The exact real-world base rate for true allegations of sexual abuse is unknown and cannot be directly estimated (cf. Horowitz, Lamb, Esplin, Boychuk, & Reiter-Laverly, 1995). Furthermore, base rates are almost certainly not constant across different subgroups (for example, cases involving custody disputes vs. cases with no custody dispute). One rough estimator of the base rate for true allegations is the observed substantiation rate. The weighted mean base rate for substantiation in the subset of cases that include an interview report of sexual abuse, that is, the probability of substantiation given interview report or p(S | R), across the five studies shown in Table 1 and three additional studies that report this specific information (Keary & Fitzpatrick, 1994; Levy, Markovic, Kalinowski, & Ahart, 1995; Stroud, Martens, & Barker, 2000) is .79. However, given the strong false positive bias observed in Hershkowitz et al. (2007), .79 may be an overestimate of the actual base rate for true allegations in this subset. In other subsets, such as that consisting of uncorroborated allegations of sexual abuse that arise in the context of custody disputes (cf. Horner & Guyer, 1991a, 1991b), the base rate for true reports of sexual abuse by children may be less than .50. For comparative purposes, Table 2 shows base rate sensitive statistics for three hypothetical base rates, .25, .50 (the experimenter-set base rate for true allegations in Hershkowitz et al., 2007), and .75.

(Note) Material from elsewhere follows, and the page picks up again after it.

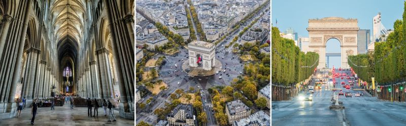 - Arc De Triomphe – Khải Hoàn Môn - một trong những công trình biểu tượng của Nước Pháp, nơi nhiều sự kiện lịch sử quan trọng ảnh hưởng đến nước Pháp được tổ chức ở đây, Nhiều công trình điêu khắc nổi tiếng về những trận đánh lịch sử được trưng bày ở đây, đặc biệt công trình điêu khắc tên “The Marseillaise” của điêu khắc gia nổi tiếng Francois Rude.

The hit rates shown in Table 2 can be compared to the base rate judgment hit rate, the hit rate that would be obtained if all judgments were the same, either all substantiated or all unsubstantiated. Thus, for population base rates .25, .50, and .75, the base rate judgment hit rates would be .75 (classify all cases as unsubstantiated), .50 (classify all cases as either unsubstantiated or substantiated), and .75 (classify all cases as substantiated), respectively.

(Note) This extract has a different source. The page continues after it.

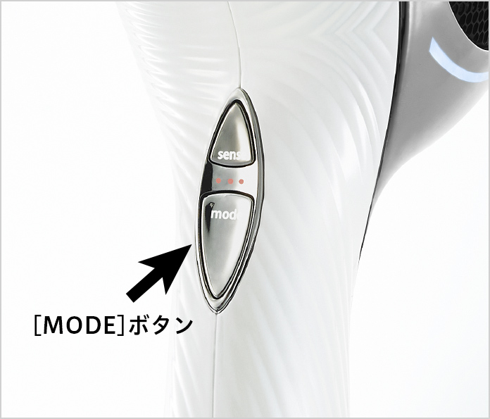 [MODE]ボタンを押して、モード(風量の強弱)を選択します。ボタンを押すたびに切り替わります。

Considering only the most realistic and generalizable scenario in Table 2, Scenario 2, it is clear that the accuracy of dichotomous judgments about non-protocol interviews, as measured by either the hit rate (HR, range = .43-.54) or the correlation between judgments (substantiated or unsubstantiated) and the real state of the world (allegation true or allegation false), (f = -.02 for all three base rates) is below or near chance levels for all three hypothetical base rates. The FPR is .40; the FNR is .62; and the LR is .9. LRs can range from 0 to infinity. LRs between 0 and 1.0 indicate that substantiation provides evidence that the allegation is false. An LR of 1.0 means that there is no association between substantiation and the validity of the allegation (equivalent to a correlation of 0). Evidence with an LR of between 1.0 and 3.0 provides only weak support for a hypothesis (Goodman & Royall, 1988; Wood, 1996). In summary, the statistics for dichotomized judgments about the non-protocol interviews are consistent with the ROC analysis in that they confirm that the study participants demonstrated no ability to distinguish between true and false reports made in non-protocol interviews. What does Table 2 reveal about the accuracy of judgments for protocol interviews?
Again considering only Scenario 2, for protocol interviews the FPR is .48; the FNR is .05; and the LR is 2.0, in the weak range. Whether or not the hit rate exceeds the judgment base rate hit rate depends on the population base rate for true allegations. For a base rate of .25, the evaluator hit rate, .63, falls .12 points below the base rate judgment hit rate. For base rates of .50 and .75, the hit rates, .74 and .85, exceed the base rate judgment hit rates by .24 and .10, respectively. The estimated proportion of all errors that are false positives, FP / (FP+FN), ranges from .75 to .97. The correlations between judgments and real-world allegation status range from.42 to .55.
Summary
The ROC analysis of the Hershkowitz et al. (2007) data indicates that (a) study participants showed no ability to discriminate between true and false reports made by children during the course of non-protocol interviews and (b) study participants were able to discriminate between true and false reports made during NICHD protocol interviews with fairly high levels of accuracy, as compared to the accuracy of clinical judgments made in other domains of psychology and medicine. However, the dichotomization analysis showed that the accuracy of NICHD protocol interview judgments is probably too low to serve as the basis for making potentially life-altering legal decisions. Of particular concern is the high false positive rate: in 48% of the evaluations of protocol interview transcripts in which the child's report was actually false, the study participants judged the (false) reports to be very likely or quite likely to be true.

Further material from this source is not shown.